"I'll be giving training everything. If he (Cheika) thinks I'm ready now, that's good ... if he thinks I'll be ready in two year's time, I'll wait two years.
"Guys like (prop) Sekope (Kepu) I grew up watching as a little boy in Tonga. Now I get to train with him, learn off him and hopefully I get the chance to play with him before he retires."
Tupou will relish his first test chance so a bigger chunk of fans know he's far more than just a YouTube sensation.
"I want to change it so people are not saying 'I saw you on a YouTube clip' but 'I saw you playing hard in a test match'," Tupou said.
That said, even Tupou finds it hard to resist watching the footage. There's something about a young giant with a sidestep, palm-trunk thighs, defenders being skittled like Lilliputians and tries galore.

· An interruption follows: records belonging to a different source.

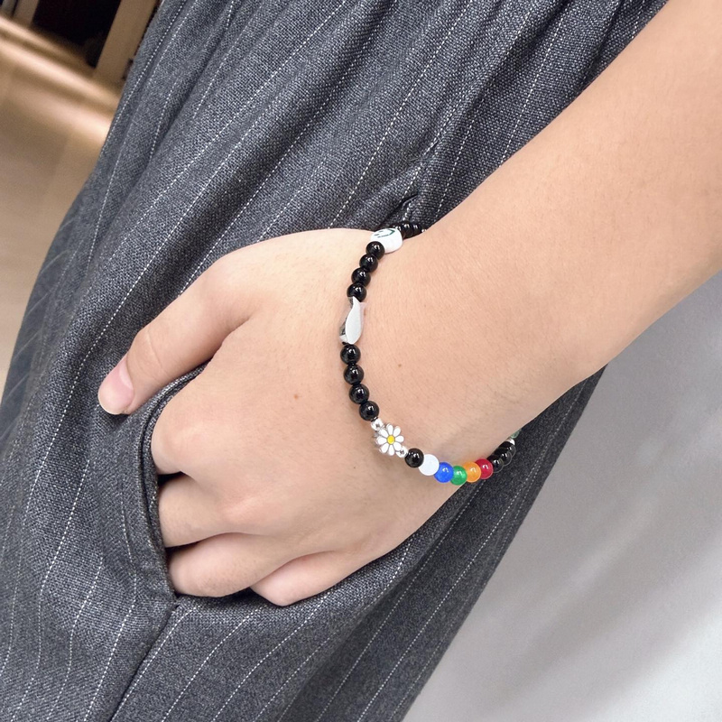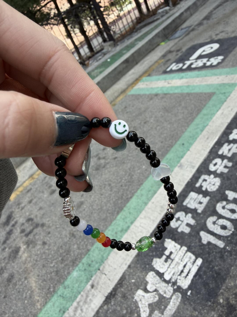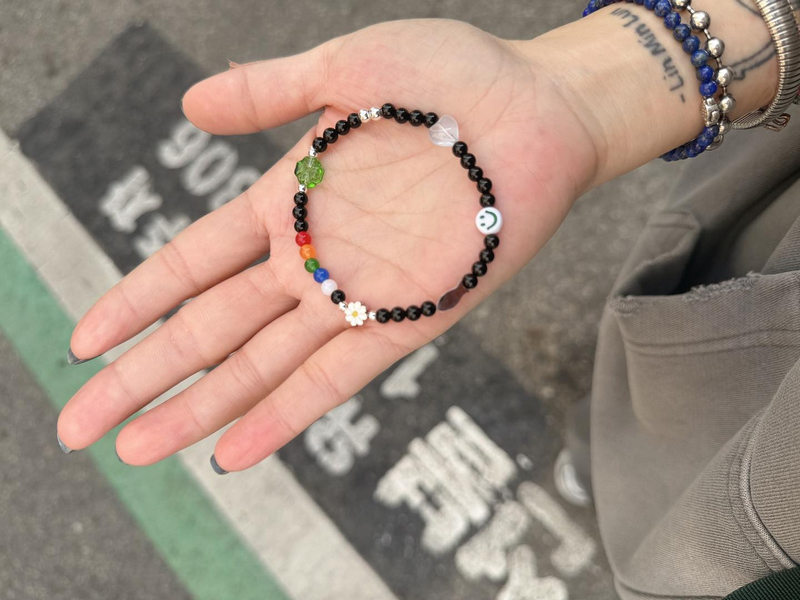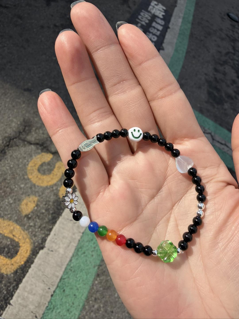 還穿插了 魚造型飾件、五彩珠、笑臉、小花、透明愛心感配件與綠色幸運草造型珠飾,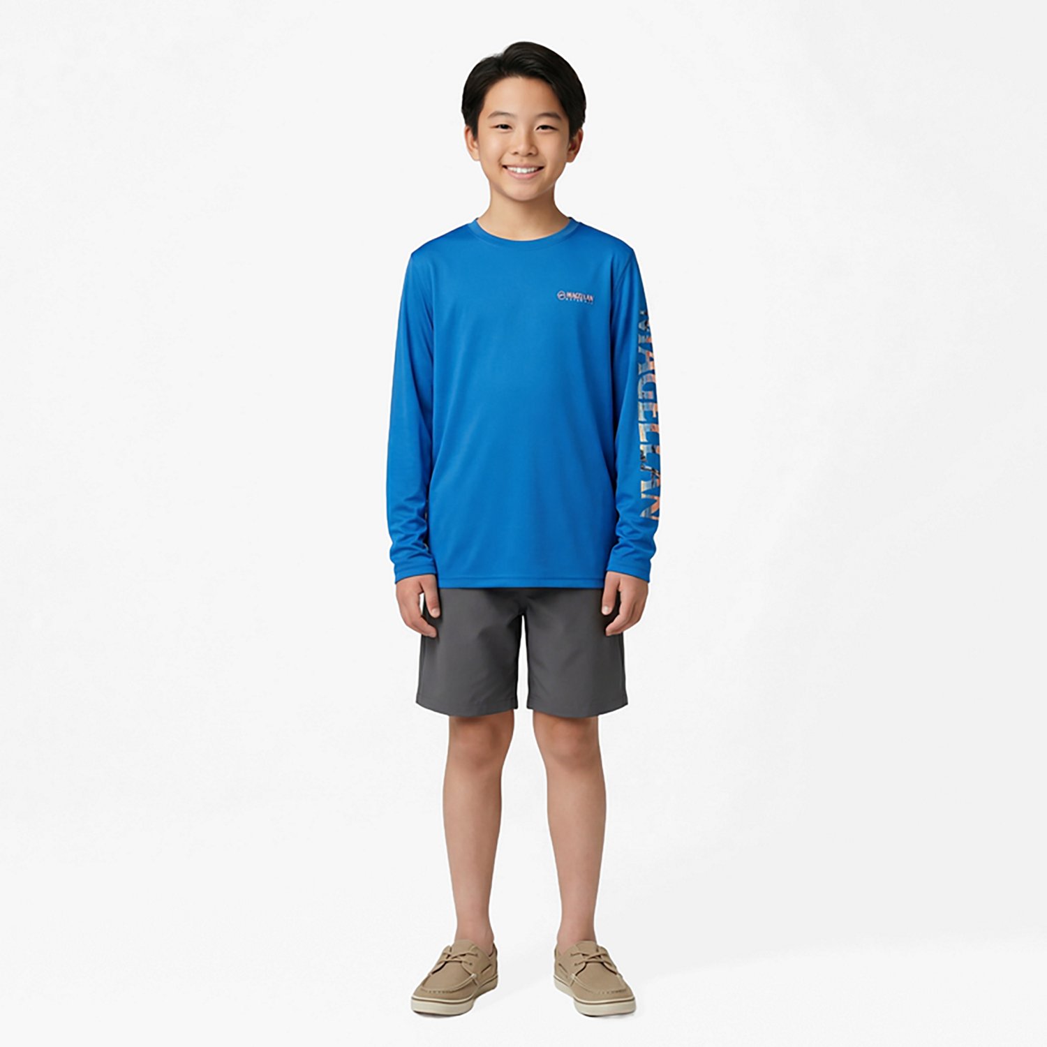 Kick back and wait for the fish to bite in the Magellan Outdoors Boys' Casting Crew Print Logo Fishing T-shirt The UPF 50+ protection helps keep your skin safe in the sun, and the 100% recycled polyester construction withstands wear and tear while feeling soft. A crewman logo print highlights a sleek appearance, and the moisture-wicking technology helps you stay cool and dry out on the water.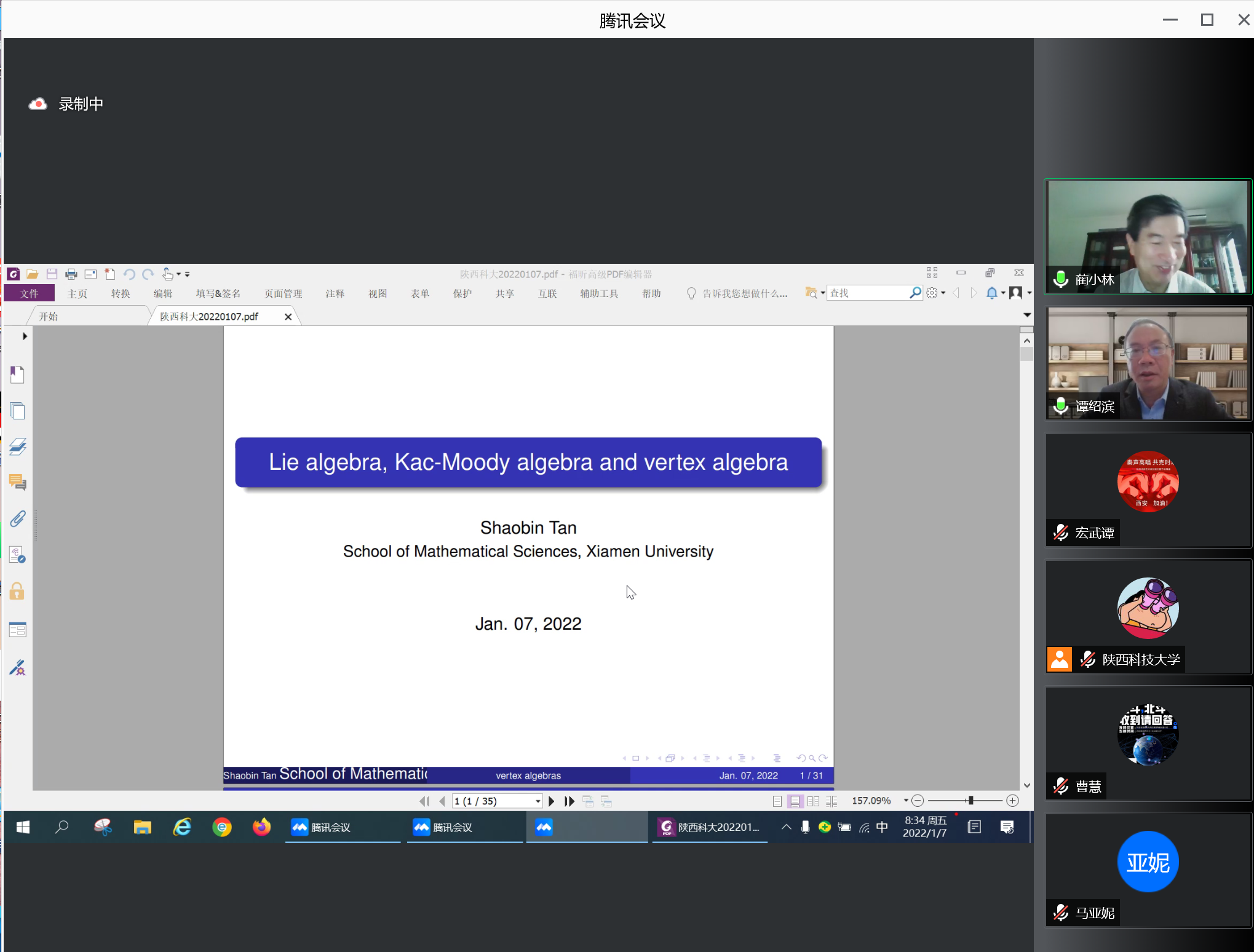1月7日上午,應(yīng)數(shù)學(xué)與數(shù)據(jù)科學(xué)學(xué)院邀請,廈門大學(xué)譚紹濱教授做客我校“前沿科學(xué)報告”,做了題目為“From Lie algebra, Kac-Moody algebra to vertex algebra”的學(xué)術(shù)報告。報告會由數(shù)學(xué)與數(shù)據(jù)科學(xué)學(xué)院院長藺小林教授主持,學(xué)科辦主任郭改慧教授、副院長李劍教授、數(shù)學(xué)學(xué)科教師和研究生聆聽了此次報告。

"Yes. It comes up on Facebook and some of my mates will tag me in it and why not watch it and see all the comments," Tupou said with a laugh.
"Sometimes I look at it and I'm like: 'Maybe I shouldn't eat that much, that jersey looks tight'."
The Tongan Thor nickname has stuck but have we all got it wrong judging by his tattoo?
"I don't mind. It's just a name," Tupou said.
"Four years ago I came from school (in Auckland) where they used to call me 'The Runaway Rhino' but then I got to Australia and I was the Tongan Thor. It wasn't me, it wasn't my mates, it was the media."
Tupou is grateful to Country-cum-Reds coach Brad Thorn for nailing down his standards and former Reds coach Nick Stiles for a strong scrum education.
"Brad Thorn is not just a normal person. He's someone who has done it all, won everything, and you'd want to listen to him whatever he tells you to do," Tupou said.
Tupou nearly came unstuck during the NRC when he didn't.
"He told me before one game to do something in the lineouts and I didn't do it. He wasn't going to pick me in the next game if I did it again," Tupou said.
"I had one job lifting the guy at the back of the lineout and I was more focused on getting the ball and running out. Just like that I fixed it. Little things like that, the one percenters, win games."